Two and a half stars from me, rounded up because this book tells a more truthful story than the common narrative that the Church collaborated with the Nazis. Still, as I said, a disappointment.
John LaFarge was the unassuming and scholarly Jesuit Editor of America magazine during pre-World War II years. America, published in New York, was read by Catholics worldwide for its reporting on issues and events important to Catholics. It appears it was also read by Achilles Ratti, Pope Pius XI, a mountaineer of reknown andan outspoken critic of Adolph Hitler and Nazism at time when the Vatican timidly tip toed around Nazism and the Vatican' political relations with Germany and Italy.
LaFarge had written an important work on racism in America, based largely on his experiences as a parish priest in St. Mary's County, Maryland, a work that was read with great interest by the Pope, who believed it was his duty to promulgate an unwavering and powerful statement against anti-Semitism, Adoph Hitler, and the alliance that Mussolini had formed with Hitler. The Vatican Secretary of State at the time, Eugenio Pacelli who would become Pope after Ratti's death, feared speaking out against Hitler because of uncertainty surrounding the enforcement of the Concordats with Germany finally ratified in the late 1920s by the Vatican.
Pius XI read LaFarge's arranged a secretive and private meeting with LaFarge, outside the knowledge of the Vatican Secretary of State and anyone else in the Vatican bureaucracy.

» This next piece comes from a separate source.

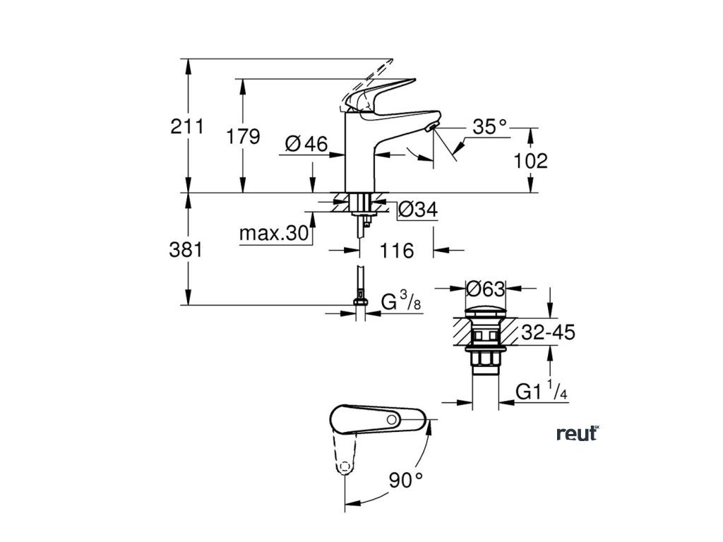 Grohe Swift Umývadlová batéria s výpusťou Push-Open, studený štart, chróm 24329001-GR

Pius directed LaFarge to pen an encylical opposing anti Semitism and Hitler in the strongest possible language and to do so privately, secretly, and quickly.
Pius' views opposing Hitler and anti Semitism were the strongest seen in the Vatican, conflicting with the views held byPacelli (later, after Ratti's death, to become Pope Pius XII). Pius correctly believed that racism and anti Semitism were threats that would eventually engulf Catholics in German occupied lands and worldwide. Pius told LaFarge that no one other than LaFarge, the Pope, and the 2 assistants who LaFarge would name and swear to secrecy, were to know about his work.
LaFarge was an obedient Jesuit. He understood the importance of his vows and he arranged through the Jesuit Provincial General, known as the Black Pope for the influence wield by the Jesuit Provincial General in Vatican politics, a man named Wlodimir Ledochowski to work do his work in Paris together with 2 other Jesuit scholars.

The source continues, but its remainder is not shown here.